The alarming figures were contained in a report released over the weekend, which also ranks Uganda as the fifth-highest country globally in terms of the number of people living with sickle cell disease.
According to the ministry, the increasing prevalence of the sickle cell gene among the population has significantly contributed to the country’s disease burden. An estimated 20,000 babies are born with sickle cell disease in Uganda each year, making the condition a major public health challenge.
Speaking on the report, Director-General of Health Services, Dr. Charles Olaro, described sickle cell disease as a lifelong condition that continues to place enormous pressure on families and the healthcare system.
He noted that the disease is responsible for about 16 per cent of deaths among children under the age of five in Uganda, underscoring the urgent need for stronger interventions.
To address the crisis, Olaro urged all public health facilities across the country to prioritise sickle cell care in their budgets and operational plans. He said improved funding and access to treatment would help increase survival rates and enhance the quality of life of affected patients.
The report further revealed that 13 out of every 100 Ugandans carry the sickle cell gene, with prevalence rates significantly higher in some regions. In parts of Eastern and Northern Uganda, about 20 per cent of the population are carriers, while the Acholi and Lango sub-regions, as well as parts of Central and South-Western Uganda, remain among the hardest-hit areas.

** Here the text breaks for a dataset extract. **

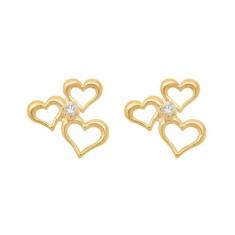 Brinco Rommanel Banhado A Ouro Corações Vazados Com Zircônia 525569

Health experts say the widespread distribution of the gene has made sickle cell disease a national concern, prompting the government to intensify prevention efforts.
As part of its response, the Ministry of Health is expanding newborn screening programmes and promoting prenatal testing for couples planning to have children.

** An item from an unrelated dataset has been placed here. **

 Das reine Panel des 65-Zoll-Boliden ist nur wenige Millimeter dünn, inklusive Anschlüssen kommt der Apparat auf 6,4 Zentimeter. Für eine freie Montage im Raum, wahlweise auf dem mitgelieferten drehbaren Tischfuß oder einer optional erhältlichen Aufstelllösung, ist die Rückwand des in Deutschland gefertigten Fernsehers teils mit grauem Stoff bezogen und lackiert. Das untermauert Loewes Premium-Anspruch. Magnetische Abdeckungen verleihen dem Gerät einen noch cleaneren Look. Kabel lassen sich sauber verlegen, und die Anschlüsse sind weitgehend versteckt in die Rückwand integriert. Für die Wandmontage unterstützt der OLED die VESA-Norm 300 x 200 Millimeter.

Olaro stressed the importance of knowing one’s genetic status before marriage or childbirth, urging prospective couples to undergo testing to determine whether they carry the sickle cell trait.
“Before anyone gets a child, they should know their partner’s status regarding the trait, so that carriers do not marry fellow carriers. That remains the most effective way of reducing and eventually eliminating the disease,” he said.